THE DATA >>

--------------------------------

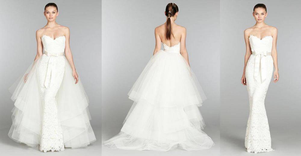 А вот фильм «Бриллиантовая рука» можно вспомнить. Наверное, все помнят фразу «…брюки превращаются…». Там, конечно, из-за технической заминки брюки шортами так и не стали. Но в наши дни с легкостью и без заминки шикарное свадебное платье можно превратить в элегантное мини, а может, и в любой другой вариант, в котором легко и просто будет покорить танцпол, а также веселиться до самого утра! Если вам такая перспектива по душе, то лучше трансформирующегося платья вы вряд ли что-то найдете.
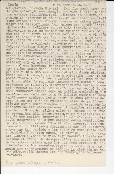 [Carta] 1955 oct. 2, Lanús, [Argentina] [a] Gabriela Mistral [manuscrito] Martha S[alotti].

--------------------------------

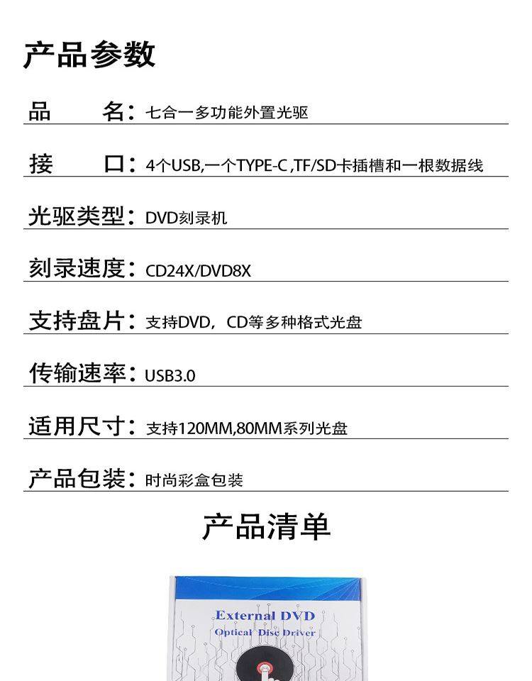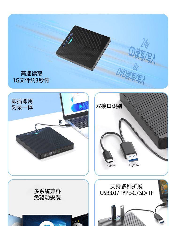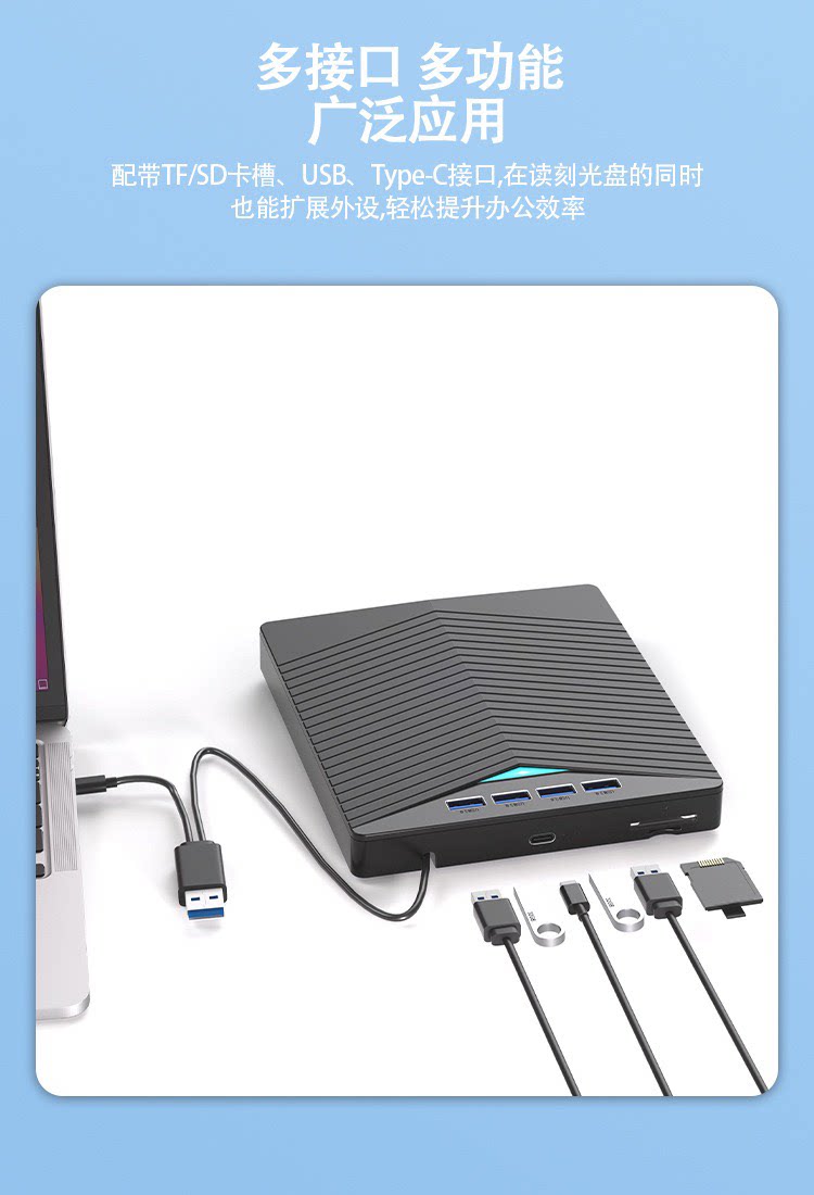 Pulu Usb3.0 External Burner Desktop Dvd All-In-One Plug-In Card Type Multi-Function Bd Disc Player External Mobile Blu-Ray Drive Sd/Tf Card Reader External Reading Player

--------------------------------

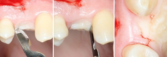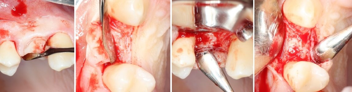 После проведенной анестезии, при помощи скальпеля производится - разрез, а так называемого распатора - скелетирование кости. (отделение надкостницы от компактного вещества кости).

--------------------------------

WHAT YOU WILL DO >>
Within the material above, only the stretch from the line holding "А вот фильм" through the line holding "[Carta] 1955 oct." is to be restated exactly. Pictures are dropped.

RESULT >>
 А вот фильм «Бриллиантовая рука» можно вспомнить. Наверное, все помнят фразу «…брюки превращаются…». Там, конечно, из-за технической заминки брюки шортами так и не стали. Но в наши дни с легкостью и без заминки шикарное свадебное платье можно превратить в элегантное мини, а может, и в любой другой вариант, в котором легко и просто будет покорить танцпол, а также веселиться до самого утра! Если вам такая перспектива по душе, то лучше трансформирующегося платья вы вряд ли что-то найдете.
 [Carta] 1955 oct. 2, Lanús, [Argentina] [a] Gabriela Mistral [manuscrito] Martha S[alotti].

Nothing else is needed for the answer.